In addition, they also kick-started work on our new authorisation framework, based on CanCanCan, which I outlined previously. It’s taken longer than I would have liked to get that ready, but the code was merged and deployed last week, and I’ve started refactoring the rest of our controllers to use it. This will allow us to remove a lot of home-grown authorisation code and use a standard approach instead, which means less custom code to maintain as well as being more familiar to new developers. I see this authorisation framework as a key enabler for future projects – we’ll be able to develop new features faster, while making sure that only the right people have access.

Another recent upgrade has been to set up and start using the Active Job framework. This allows tasks to be run in the background, and is now a standard part of Ruby on Rails. We’re already using it for sending notification emails, so now if you post a comment to a popular diary entry, you don’t need to wait while the system sends dozens of notification emails to all the subscribers – they are queued and dealt with separately. A small improvement, perhaps, but the job framework will really come alive when we start using it for processing GPX trace uploads. I hope to have more news on that soon.

If you want to follow our progress more closely, or get involved in the development, head over to our GitHub repository for full installation and development guides, along with all the issues and pull requests that we are dealing with!

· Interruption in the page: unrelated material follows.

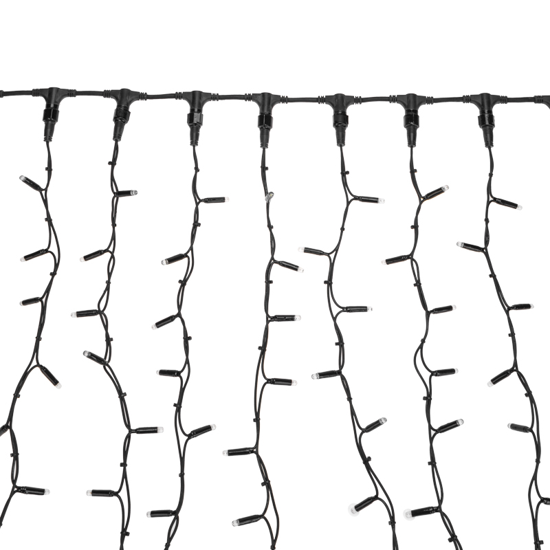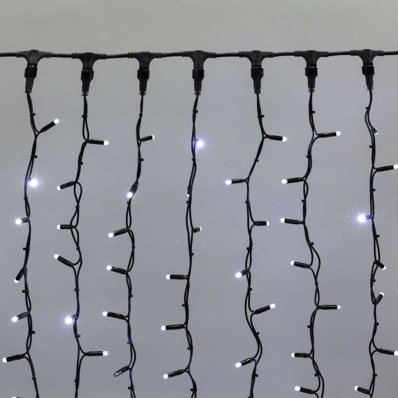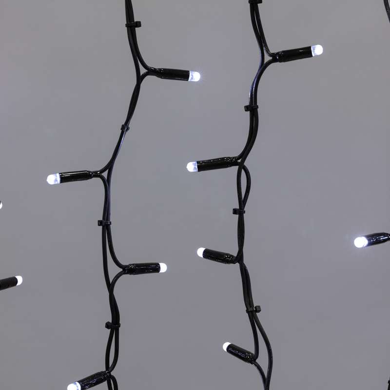 Профессиональная гирлянда-занавес 2×1,5 м с белым статичным светом и чёрным каучуковым кабелем. 360 LED, IP67, морозостойкость до –50 °C. Идеальна для фасадов, деревьев и уличных конструкций.

Groundwork for new features in OpenStreetMap

Last summer I finished a large refactoring, and thought it would be nice to change tack, and so I decided to try to push through a new feature as my next project. Refactoring is worthwhile, but it has a long-term pay-off. On the other hand, new features show progress to a wider audience, and so new features are another avenue to getting people interested and involved in development.

I picked an old Google Summer of Code project that hadn’t really been wrapped up, and immediately spotted a bunch of changes that would be needed to make it easier for others to help review it. Long story short, it needed a lot more work than anyone realised and it’s taken me a few months to get it ready. I’ve learned a few lessons about GSoC projects along the way, but that’s a story for another time.

I want to keep going with the refactoring, since a better codebase leads to happier developers and eventually to better features. But it’s worthwhile having some sort of a goal, otherwise it’s hard to decide what’s important to refactor, and to avoid getting lost in the weeds. There have been discussions in the past about adding some form of Groups to OpenStreetMap, and it’s a topic that keeps on coming up. But I know that if anyone tried implementing Groups on top of our current codebase, it would be impossible to maintain, and it’s far too big a challenge for a self-contained project like GSoC.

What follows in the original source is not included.